Lasky hopes that the Society for Awakening Souls will help students continue to investigate these questions. Next year, he said, they will use the meditation techniques they’ve developed to explore deeper practices, and they’ll continue to organize interactive events, like giving away free hugs during winter finals. Along the way, they’ll explore consciousness on their own, but together, turning inward to push themselves outward.

“I believe, and I think most everyone agrees, that the consciousness of the Society is greater than the consciousness of any one person,” Lasky said. “Once you think about it, it’s obvious. All the people in the world are creating reality, creating society. That makes it easier to think of a universal consciousness that is driving the world.”

In my own course of soul searching, I have been torn between practical needs (money, job security, etc.) and a desire to follow the path of self-awareness no matter where it leads. After all this research, I’m inclined to agree with Oliver’s belief that spiritual yearning has its roots in universal consciousness.

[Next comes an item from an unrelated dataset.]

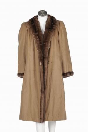 Intérieur doublé en léopard, bordure de vison, tissu camel
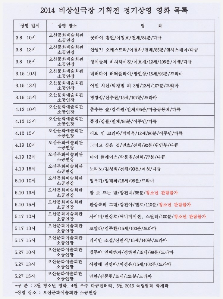 아래의 표, 보이시죠? ![]() 어떻게 이렇게 저렴하게 영화를 볼 수 있는지 궁금하시다고요? 문화체육관광부가 <비상설극장기획전(정기상영지원사업)>을 공모했는데, '제천청풍영상위원회, 마포문화재단, 오산문화재단, 인천영상위원회' 등 4곳이 선정되었다고 해요. 박문정 오산문화재단 기획홍보팀장은 오산문화재단에서 많은 노력을 한 결실을 맺은 것이라 감회가 다른 것 같다며, 많은 시민들에게 홍보가 되어 좋은 영화를 보셨으면 하고 희망을 하더라고요.

“The soul,” Oliver said, “is aware of itself existing as a pure eternal spirit that has within it all of the universe, and it certainly has access to everything in the universe. I believe that. It comes from existence or God or source—whatever you want to call it.”

Over a plate of peach cobbler, Harte and I, a decade apart in age, were coming to the same basic conclusions.

“We are more than the body. It’s so apparent and obvious to me,” she said.

Harte leaned forward and put her fist on the table as if to pound it.

“People might disagree and think that there’s nothing beyond the material world, that it’s not fine-tuned, it’s random. And maybe I’m crazy, and maybe I’ll die and I’m wrong, but my life is going to be a happy beautiful thing where I travel and experience new cultures and expand my consciousness.” She looked at me, her brown eyes shining. “And I’d rather have lived my life thinking that the universe is based on love. That there is something more than meets the eye.”